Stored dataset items
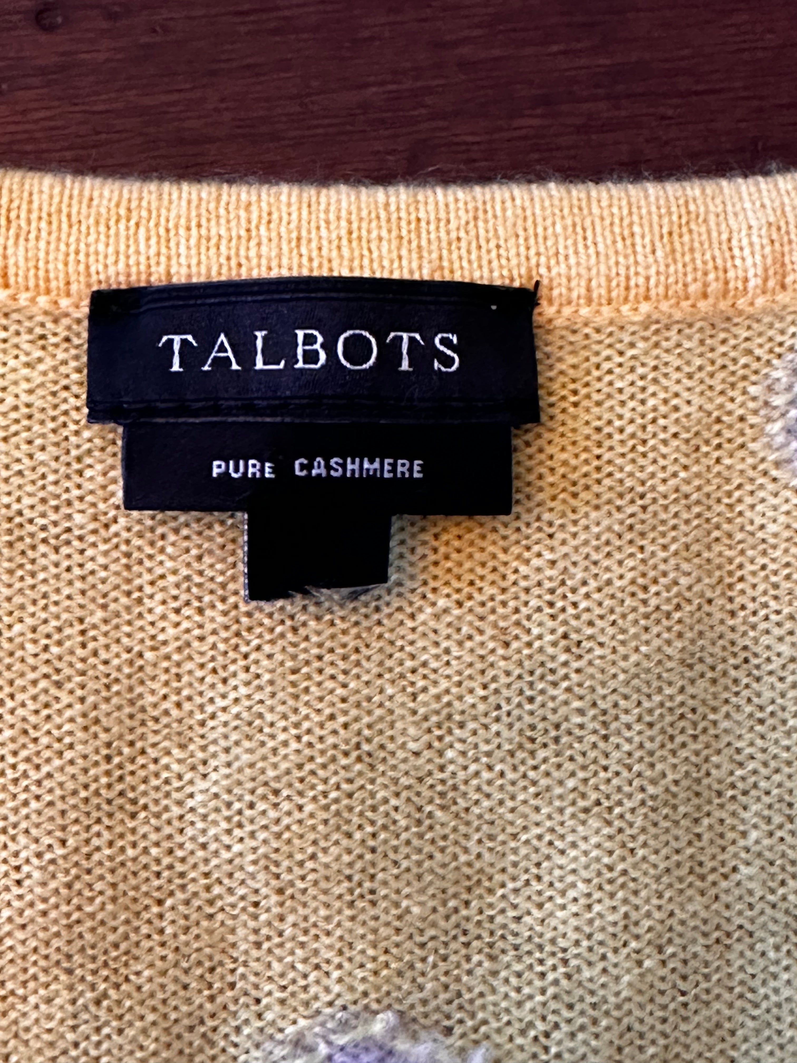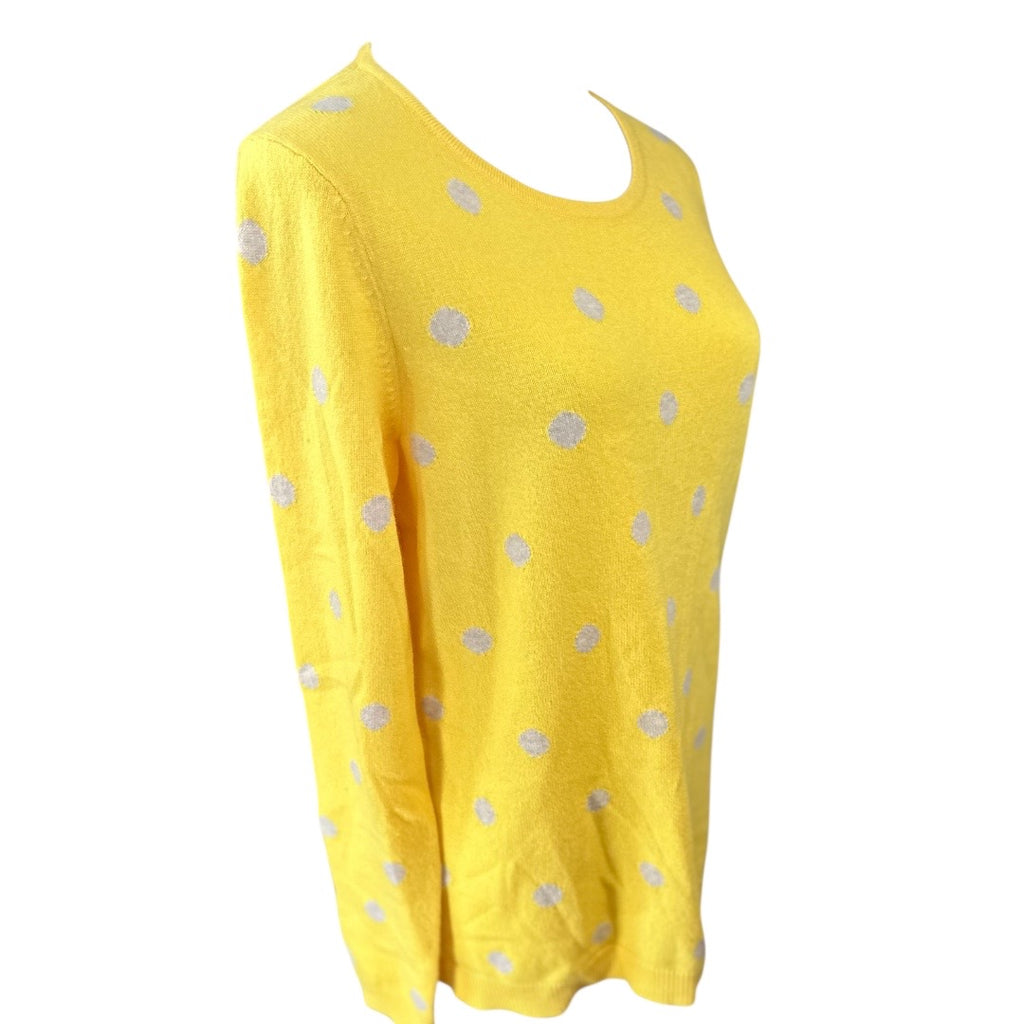 Talbots Yellow Polka Dot 100% Pure Cashmere Crewneck Sweater Preloved Large*
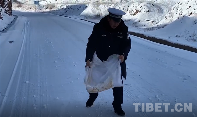 2018年3月,國(guó)道317突然遭遇了暴雪天氣,許多群眾和車輛被困在了矮拉山山頂,扎西四郎跟著隊(duì)友們?cè)诹阆氯喽鹊膼毫迎h(huán)境下堅(jiān)守了28天。令扎西四郎印象最深刻的是有一次,因?yàn)檐囎記]辦法通行,隊(duì)長(zhǎng)指揮民警帶群眾下山。當(dāng)時(shí),有一位要去拉薩的老奶奶腿腳不方便,她自己根本就沒辦法走動(dòng),扎西四郎就和桑珠一起輪流背著老人下山,雖然中間滑倒了幾次,可還是把老人背到了能通車的安全位置,老人為了表達(dá)感激,還專門給他們留下了拉薩的住址和聯(lián)系電話。
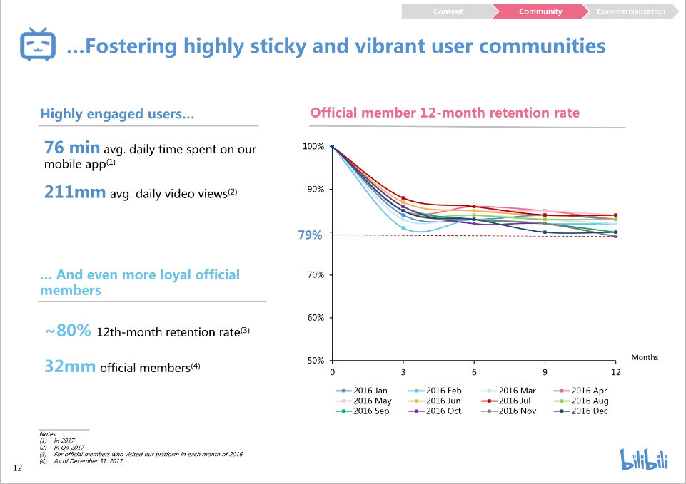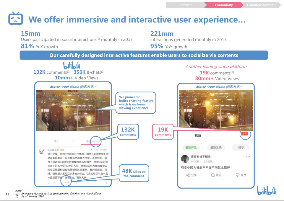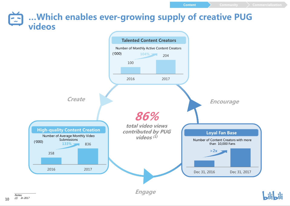 我们拥有高质量的内容创造,2017年平均月视频提交量为83.6万部,与2016年相比增长133%。
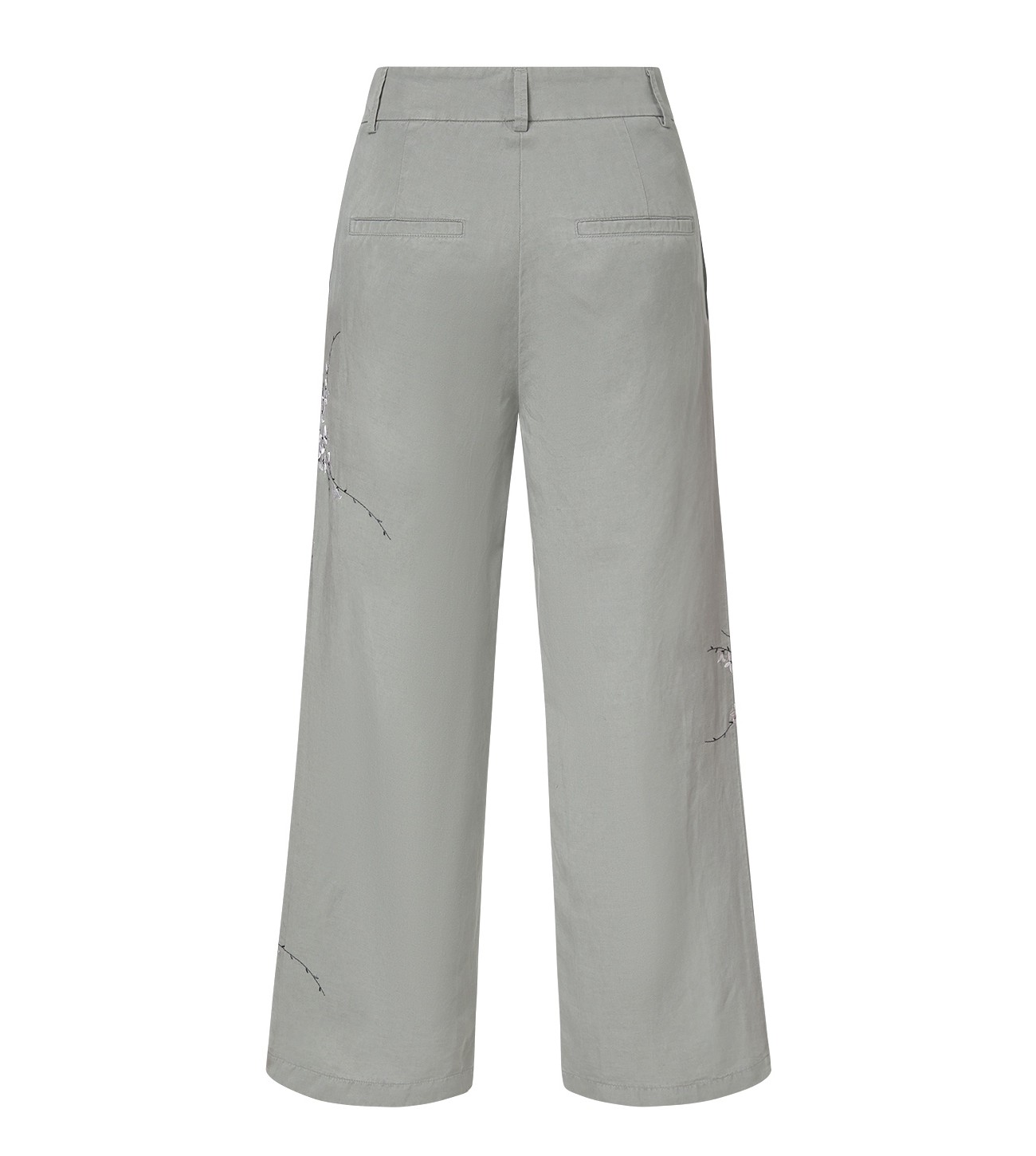 PANTALON ANCHO BORDADO FLORES CAMBIO KAKI CLARO
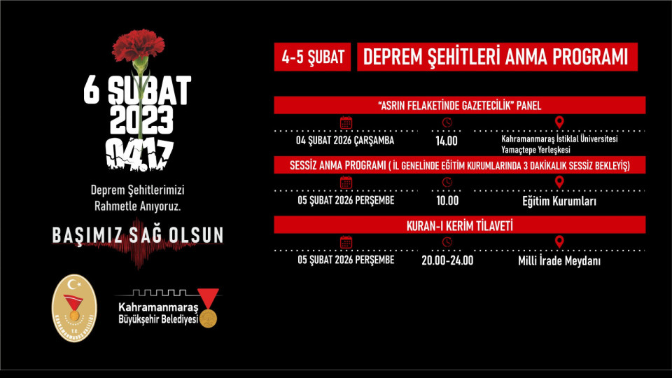 Anma programlarının ilki, 4 Şubat Çarşamba günü Kahramanmaraş İstiklal Üniversitesi Yamaçtepe Yerleşkesi’nde düzenlenecek olan “Asrın Felaketinde Gazetecilik” paneli ile başlayacak. Saat 14.00’da başlayacak programda, deprem sürecinde yaşananlar, kriz dönemlerinde basının rolü ve toplumsal hafızanın inşasında gazeteciliğin önemi alanında uzman isimler tarafından ele alınacak.

What you should do
Please write out exactly the lines from the one containing "我们拥有高质量的内容创造,2" through the last line of the records above, and leave out any pictures.

Written reply
 我们拥有高质量的内容创造,2017年平均月视频提交量为83.6万部,与2016年相比增长133%。
 PANTALON ANCHO BORDADO FLORES CAMBIO KAKI CLARO
 Anma programlarının ilki, 4 Şubat Çarşamba günü Kahramanmaraş İstiklal Üniversitesi Yamaçtepe Yerleşkesi’nde düzenlenecek olan “Asrın Felaketinde Gazetecilik” paneli ile başlayacak. Saat 14.00’da başlayacak programda, deprem sürecinde yaşananlar, kriz dönemlerinde basının rolü ve toplumsal hafızanın inşasında gazeteciliğin önemi alanında uzman isimler tarafından ele alınacak.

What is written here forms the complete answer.